## Task
As the answer, give exactly the lines of the records below from the one with "5年生の社会科見学、お弁当タ" through the one with "game of wrestling", ends included and pictures left out.

## Exercise material
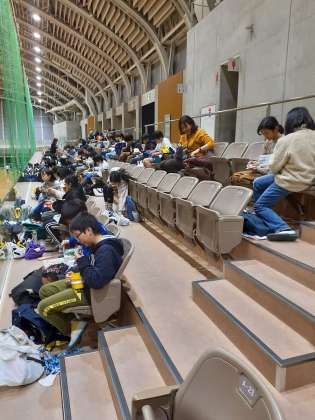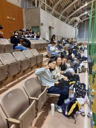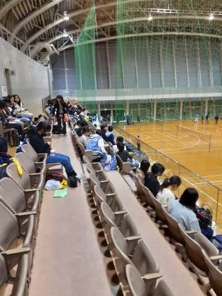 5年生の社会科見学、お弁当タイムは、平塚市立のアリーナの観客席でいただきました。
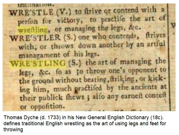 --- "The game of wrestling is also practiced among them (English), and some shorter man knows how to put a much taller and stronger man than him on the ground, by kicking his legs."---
* * *
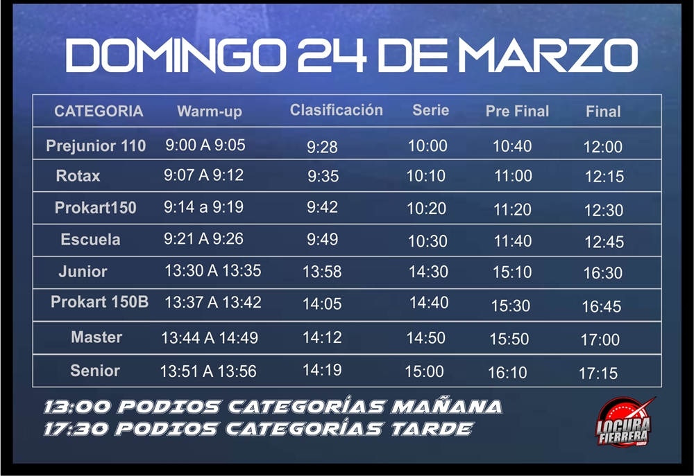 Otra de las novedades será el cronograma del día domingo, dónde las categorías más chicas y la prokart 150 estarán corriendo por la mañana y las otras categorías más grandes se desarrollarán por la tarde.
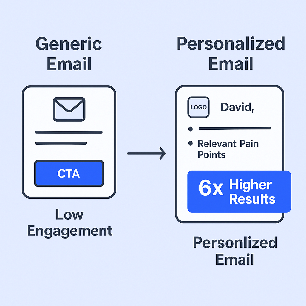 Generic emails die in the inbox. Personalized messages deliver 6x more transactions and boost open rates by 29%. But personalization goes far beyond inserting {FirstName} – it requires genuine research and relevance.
==
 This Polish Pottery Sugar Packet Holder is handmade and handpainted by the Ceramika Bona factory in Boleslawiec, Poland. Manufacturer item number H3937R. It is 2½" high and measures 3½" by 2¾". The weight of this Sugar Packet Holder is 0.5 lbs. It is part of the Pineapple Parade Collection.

## Result for this task
 5年生の社会科見学、お弁当タイムは、平塚市立のアリーナの観客席でいただきました。
 --- "The game of wrestling is also practiced among them (English), and some shorter man knows how to put a much taller and stronger man than him on the ground, by kicking his legs."---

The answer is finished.